SUPPLIED INFORMATION:
★ ★ ★ ★ ★ ★ ★

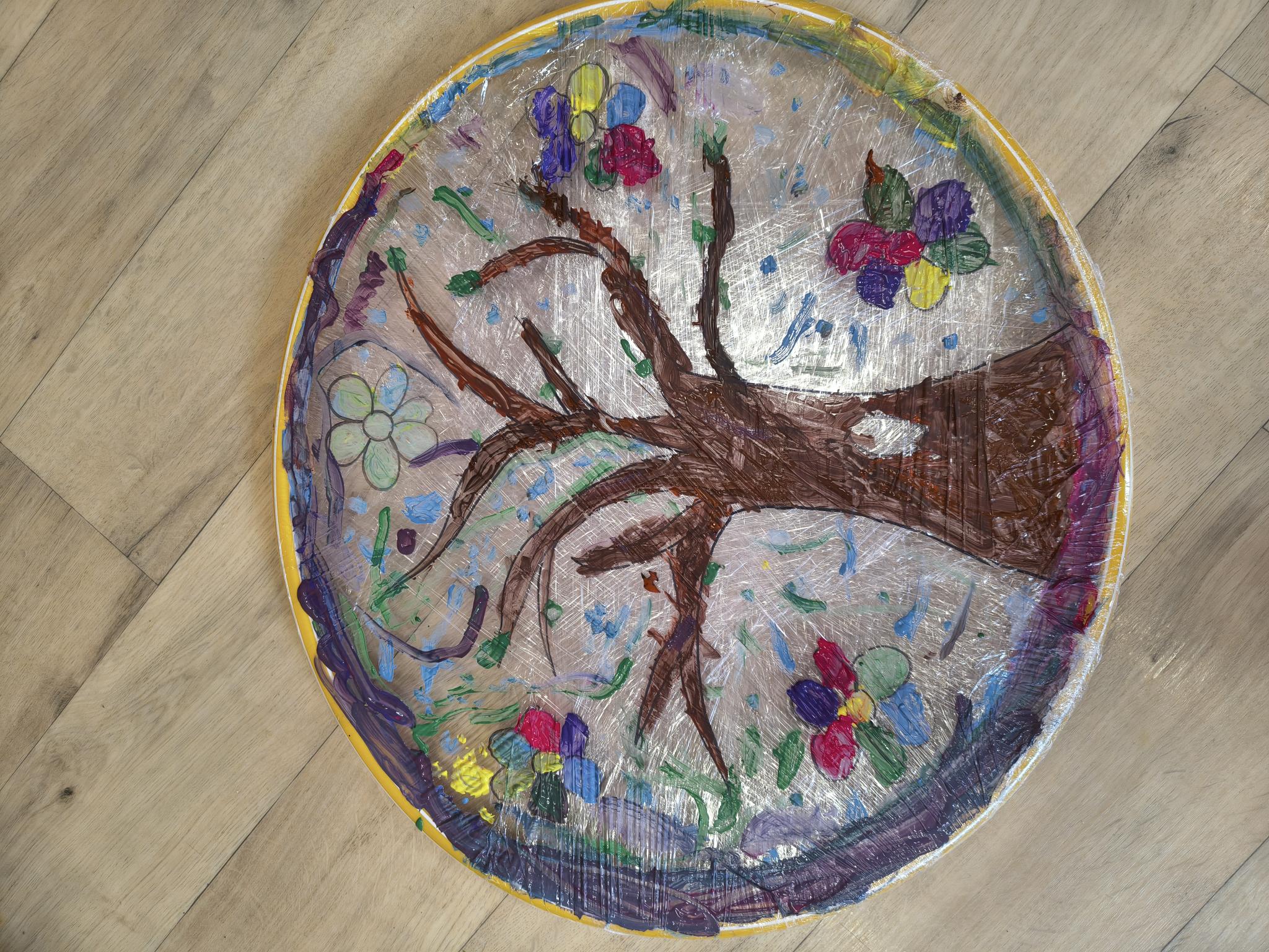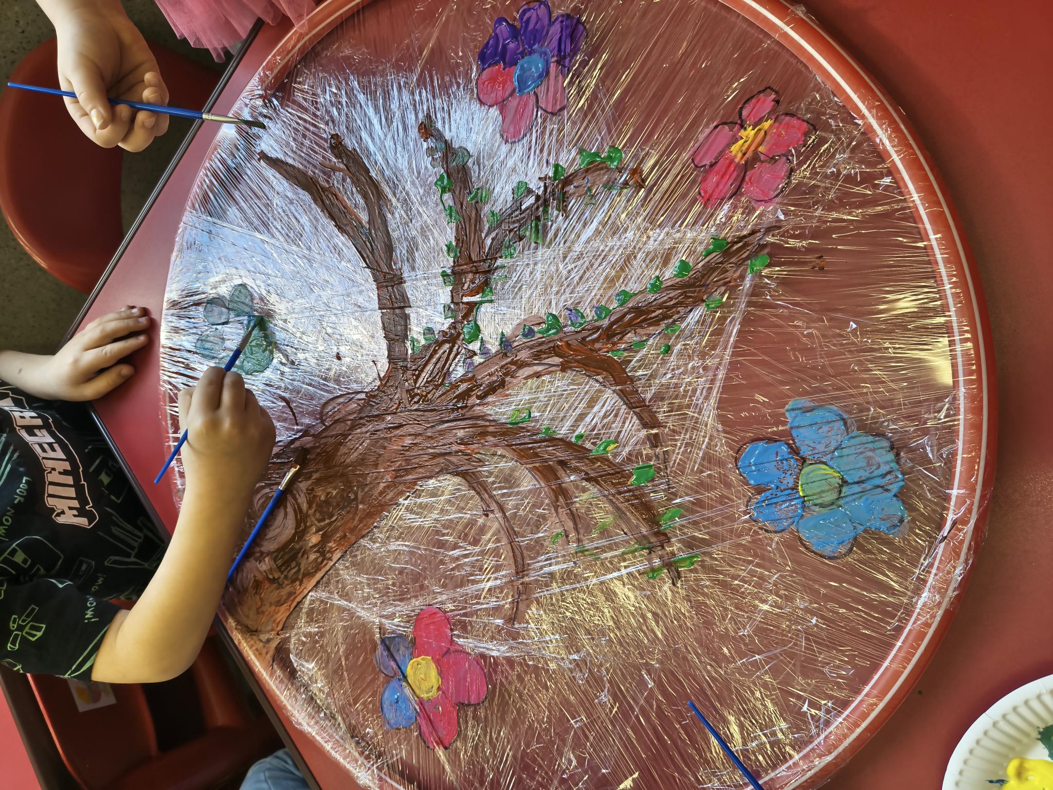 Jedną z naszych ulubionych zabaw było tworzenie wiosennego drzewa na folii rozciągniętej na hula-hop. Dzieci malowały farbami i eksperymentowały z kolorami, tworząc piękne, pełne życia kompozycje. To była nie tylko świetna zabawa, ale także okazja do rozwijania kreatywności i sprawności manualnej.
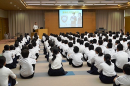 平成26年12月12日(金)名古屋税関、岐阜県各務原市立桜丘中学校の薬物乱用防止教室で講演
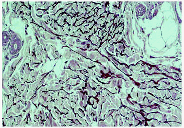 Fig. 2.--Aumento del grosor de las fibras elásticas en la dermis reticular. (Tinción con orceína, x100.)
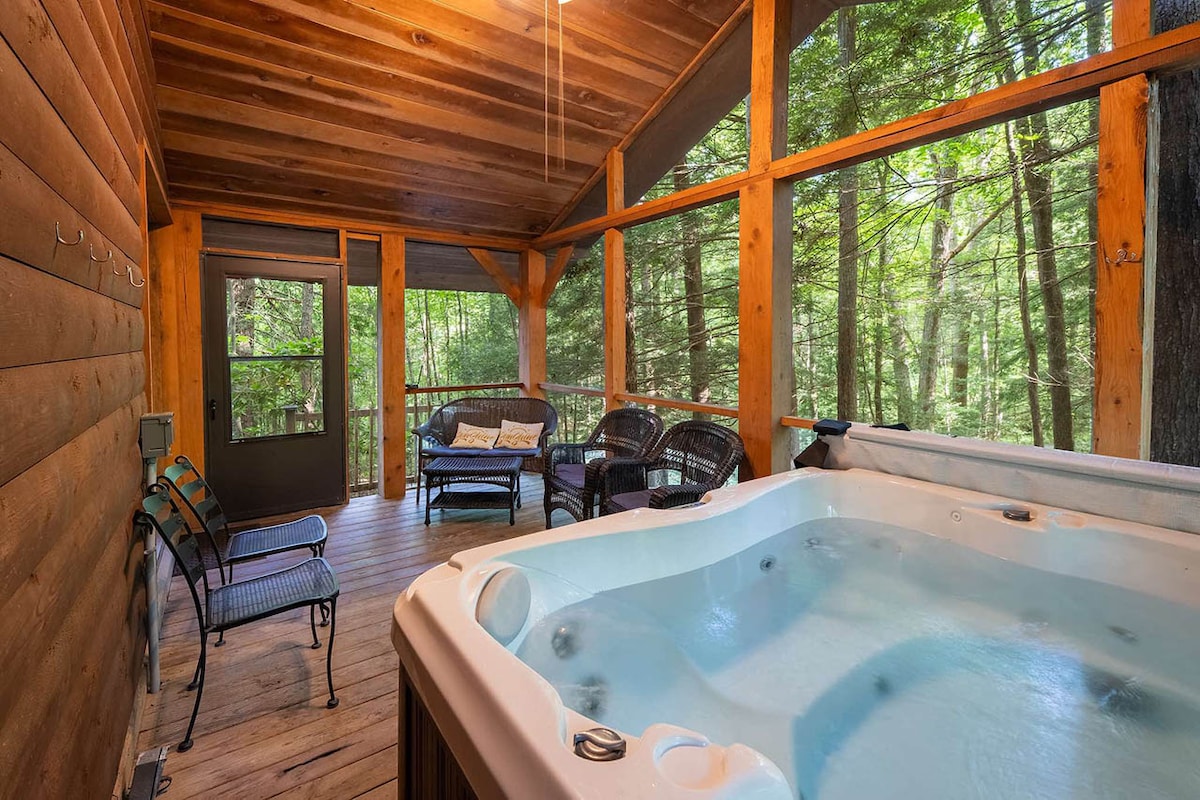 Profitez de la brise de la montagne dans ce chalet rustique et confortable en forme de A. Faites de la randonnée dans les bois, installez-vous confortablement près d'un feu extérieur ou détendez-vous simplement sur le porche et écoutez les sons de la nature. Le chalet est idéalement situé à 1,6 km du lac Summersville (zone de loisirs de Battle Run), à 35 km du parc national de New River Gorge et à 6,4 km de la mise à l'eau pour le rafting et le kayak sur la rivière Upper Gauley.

★ ★ ★ ★ ★ ★ ★

EXERCISE DESCRIPTION:
With the pictures removed, write out exactly the lines from the line containing "平成26年12月12日(金)" through the last line of the material above, both included.

ANSWER TO THIS TASK:
 平成26年12月12日(金)名古屋税関、岐阜県各務原市立桜丘中学校の薬物乱用防止教室で講演
 Fig. 2.--Aumento del grosor de las fibras elásticas en la dermis reticular. (Tinción con orceína, x100.)
 Profitez de la brise de la montagne dans ce chalet rustique et confortable en forme de A. Faites de la randonnée dans les bois, installez-vous confortablement près d'un feu extérieur ou détendez-vous simplement sur le porche et écoutez les sons de la nature. Le chalet est idéalement situé à 1,6 km du lac Summersville (zone de loisirs de Battle Run), à 35 km du parc national de New River Gorge et à 6,4 km de la mise à l'eau pour le rafting et le kayak sur la rivière Upper Gauley.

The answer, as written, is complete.